Shown below are entries with pictures; the line with "Mieszane warzywa. zielona" through the line with "Hurtownia bluzek damskich" is the span to retype exactly, and the pictures stay out.
------ Data shown
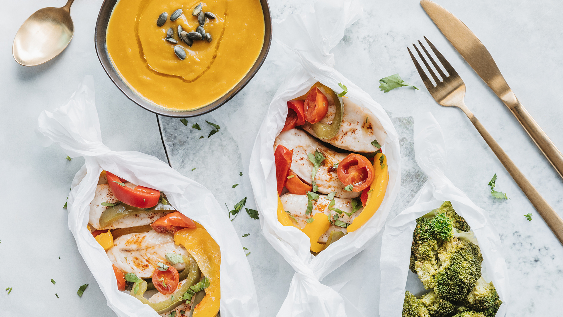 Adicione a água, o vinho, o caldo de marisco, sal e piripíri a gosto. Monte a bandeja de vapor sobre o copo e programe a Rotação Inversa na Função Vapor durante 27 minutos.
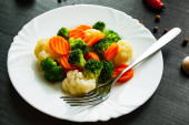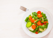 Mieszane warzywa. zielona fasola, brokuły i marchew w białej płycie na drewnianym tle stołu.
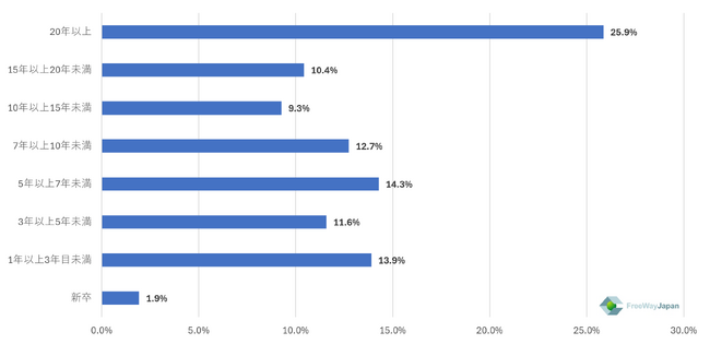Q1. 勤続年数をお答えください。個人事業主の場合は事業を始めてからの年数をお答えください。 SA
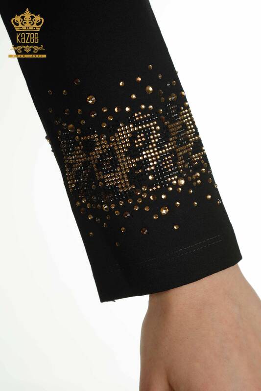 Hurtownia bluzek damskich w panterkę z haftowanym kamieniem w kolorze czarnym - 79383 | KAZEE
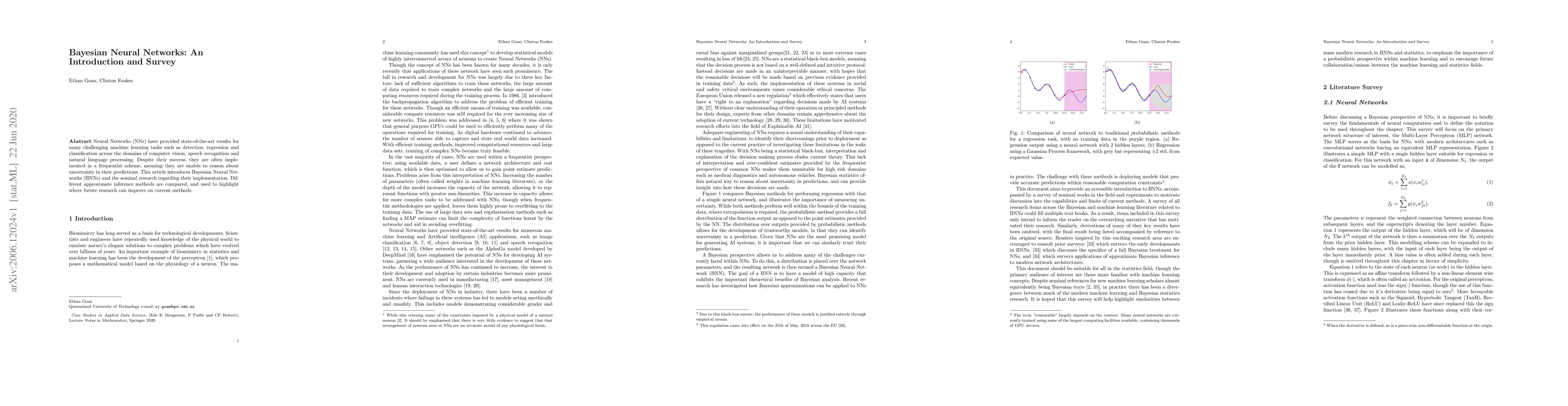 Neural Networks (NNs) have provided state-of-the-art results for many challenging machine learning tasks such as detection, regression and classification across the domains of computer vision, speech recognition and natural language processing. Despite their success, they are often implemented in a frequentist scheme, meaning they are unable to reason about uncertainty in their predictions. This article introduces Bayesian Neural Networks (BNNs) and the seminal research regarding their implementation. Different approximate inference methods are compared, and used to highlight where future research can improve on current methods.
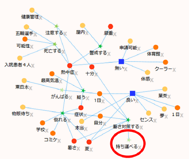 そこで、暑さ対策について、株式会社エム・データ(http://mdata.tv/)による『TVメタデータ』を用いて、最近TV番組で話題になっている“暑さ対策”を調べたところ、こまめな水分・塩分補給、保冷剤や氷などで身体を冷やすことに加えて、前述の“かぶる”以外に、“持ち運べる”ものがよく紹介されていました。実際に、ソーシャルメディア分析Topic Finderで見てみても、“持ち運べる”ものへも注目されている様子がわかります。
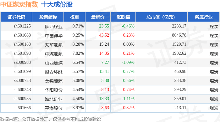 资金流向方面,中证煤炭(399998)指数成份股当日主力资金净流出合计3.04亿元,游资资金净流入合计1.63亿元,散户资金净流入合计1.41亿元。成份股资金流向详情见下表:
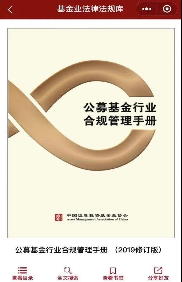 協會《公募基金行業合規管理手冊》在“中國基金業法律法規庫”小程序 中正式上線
------------
• **Worked solution**:
 Mieszane warzywa. zielona fasola, brokuły i marchew w białej płycie na drewnianym tle stołu.
Q1. 勤続年数をお答えください。個人事業主の場合は事業を始めてからの年数をお答えください。 SA
 Hurtownia bluzek damskich w panterkę z haftowanym kamieniem w kolorze czarnym - 79383 | KAZEE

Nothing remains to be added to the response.